Provided that the salary structure issue is sorted (and that’s easier said than done!), we can have a single recruitment system for all services. India, for example, does not have separate exams for the administrative and foreign services. Candidates’ choice is taken into account after the full cadre complement is selected. We could have a single exam for administrative, foreign, planning, inland revenue and other services.’ Choice, cadre requirement and other factors could be used to slot the successful candidates to the various services.  

Then comes training. Off and on governments recruit graduates and willy nilly distribute them among various institutions.
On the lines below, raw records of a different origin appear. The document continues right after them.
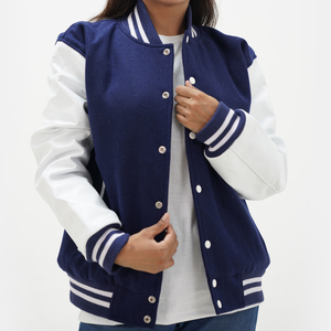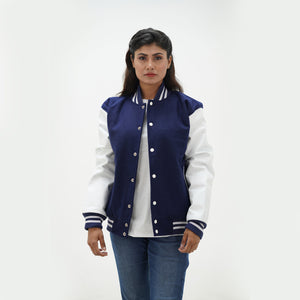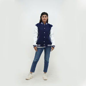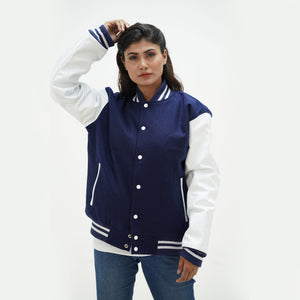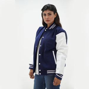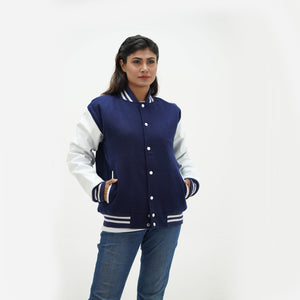 Women's Navy Blue Letterman Jacket Leather Arms And Wool Body Varsity Jacket Is Made Of Premium Melton Wool, While The Jacket Sleeves Are Made Of Premium Geniune Leather. This Varsity Jacket Comes With Navy Blue Wool Body, White Leather Sleeves And Navy Blue Rib With White Stripes.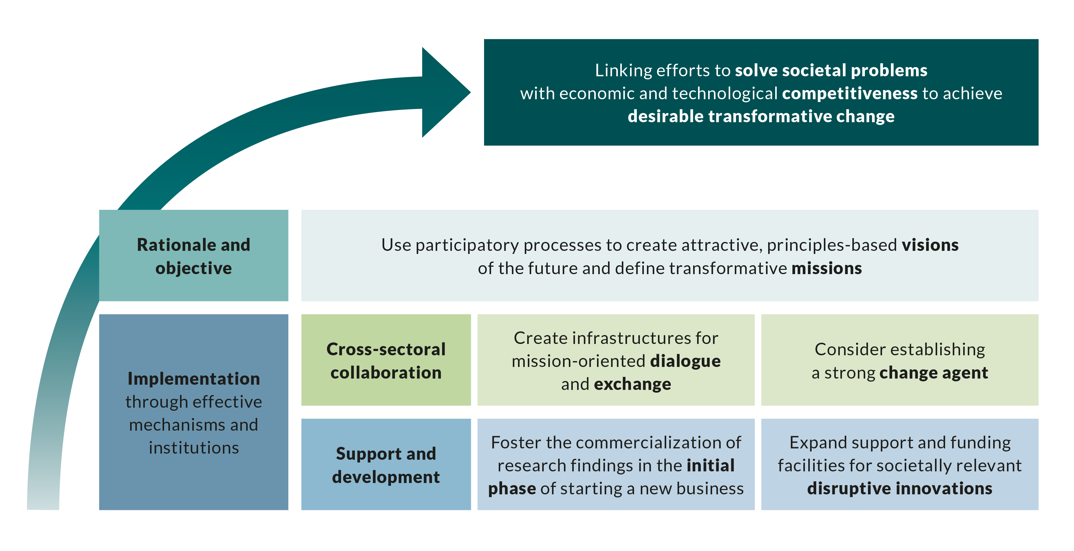 Innovation can deliver solutions to grand challenges in society while facilitating both economic and technological competitiveness – and thus contribute to transformative change. In order to achieve this goal, we need the right policies and mechanisms at work in our strategies, instruments, and institutions and organizations. Leveraging organizational synergies makes it possible to formulate visions with widespread appeal that can be implemented through appropriate mechanisms and institutions. Securing an inclusive consensus among actors across all segments of society on the direction and design of innovation activities is essential to the success of such a project.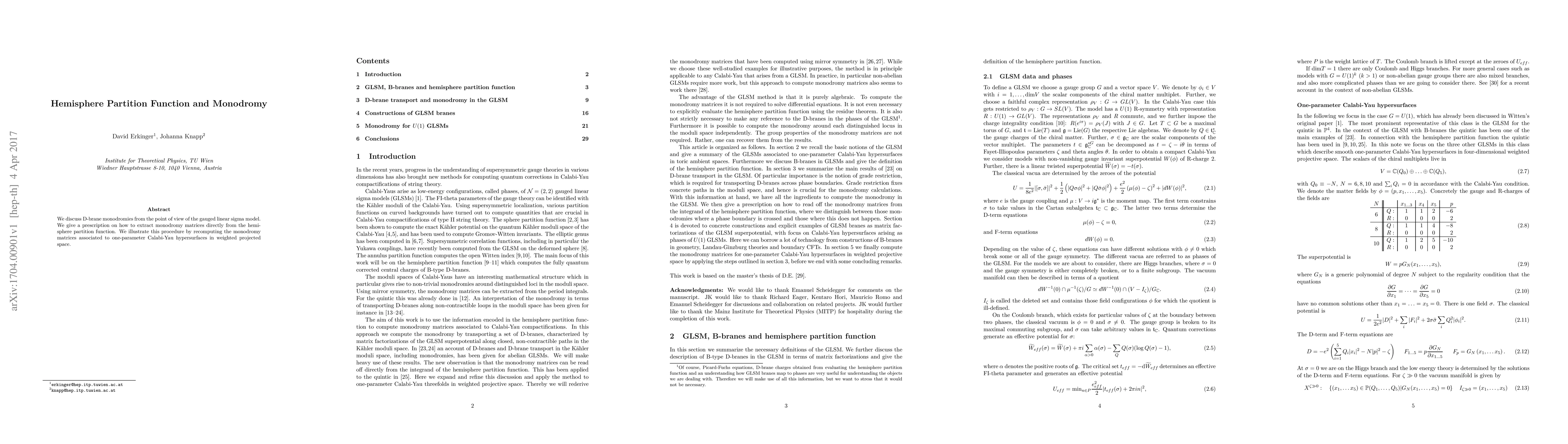 We discuss D-brane monodromies from the point of view of the gauged linear sigma model. We give a prescription on how to extract monodromy matrices directly from the hemisphere partition function. We illustrate this procedure by recomputing the monodromy matrices associated to one-parameter Calabi-Yau hypersurfaces in weighted projected space.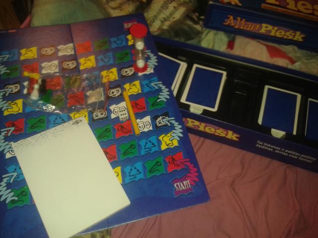 Stalo zaidimas Alias piesk. Nera vieno piestuko ir taisykliu Skubiai parduodu nes dulka lentynoje. Galima zaisti kaip ir paprasta Alias :) Tiesiog pasitelkite vaizduote. Kaina galima paderinti proto ribose.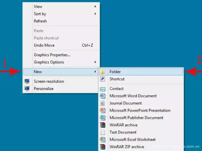 - Trong menu ngữ cảnh, di chuyển chuột đến 'New' (Tạo mới), sau đó chọn 'Folder' (Thư mục) từ danh sách hiện ra.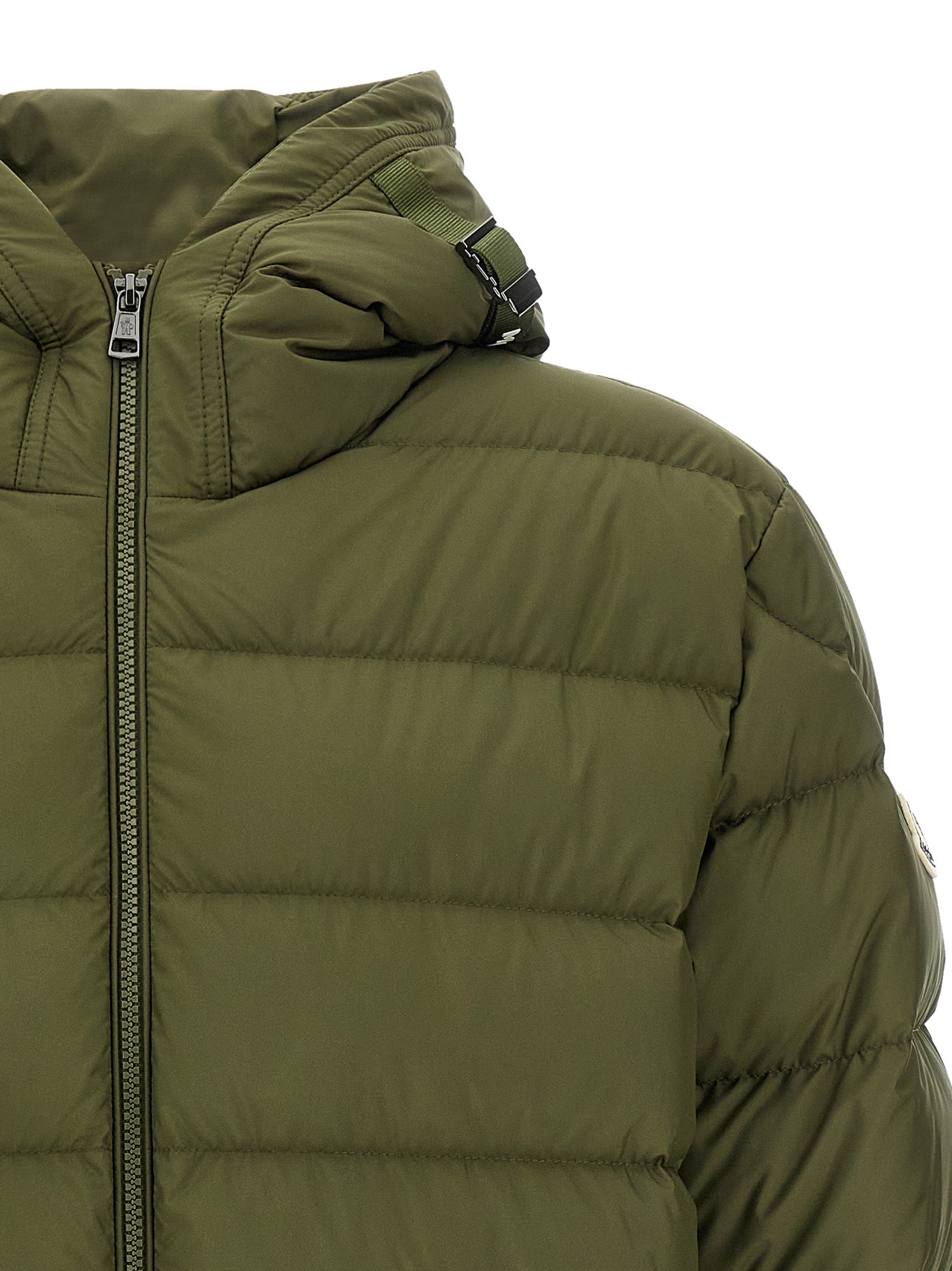Doudoune courte en polyester matelassée et rembourrée de plumes d'oie "Laveraet", capuche réglable avec bande logotypée, fermeture zippée sur le devant, poches, manches longues à revers et patch logo en feutre, cordon de serrage à la base.

Naturally, they can’t be expected to have a reasonable understanding of the social, economic, political and other factors that relate to the work of the particular institution. Time does that. Training too.  

A few months ago, over 100 ‘Graduate Trainees’ attached to the Department of National Community Water Supply were put through a rigorous training program in Passara, Badulla. Resource persons from the Department, officials handling the Water Safety Plan of the Water Board, the INGO Solidaridad  and UNICEF lectured them on various aspects related to their work such as safe drinking water, climatic conditions, water quality, conservation of water sources, issues related to ownership of water sources, and alerted them to the importance of economic, social, cultural and environmental factors. They were then divided into groups and sent to communities in the area and tasked to map water sources and obtain relevant information pertinent to the subject. Finally, they had to share findings with colleagues and trainers. 

Such things happen, but not across the board. Typically it is the initiative of the head of the particular institution that counts. It has to be systematic and comprehensive. It cannot be one-off affairs. We need to put in place long and tough training program that creates a cadre of knowledgeable, committed and empathetic officials in all services, and regular upgrading of skills through re-training. This has to be coupled with a solid system of key performance indicators tied to promotion and salary increments. It would help take ‘ad hoc’ out of the recruitment equation. 

The easier path is what successive governments have adopted: The ‘Our People Method’. ‘Our people’ are low on delivery and high on sunshine stories. ‘Our people’ make sure ‘Their people’ aren’t able to scuttle things. However, scuttling things is not a ‘their people’ preserve. It comes from arrogance, incompetence, ignorance and the sloth produced by comfort zones. It would be far better to review performance, identify the doers, retain their services and impose delivery-driven systems of reward.

The issue I believe is the fact that ‘our’ has been mis-defined. ‘Our’ for any government should be about people capable of delivery and certainly not political loyalty. There’s a manifesto. There’s a mandate. Loyalty is a fine trait. It is useful, however, only if it comes with particular competency for particular tasks.  

Gotabaya Rajapaksa seems to be determined. He wants a working nation, not a slothful one. He wants to do things differently. Let’s see.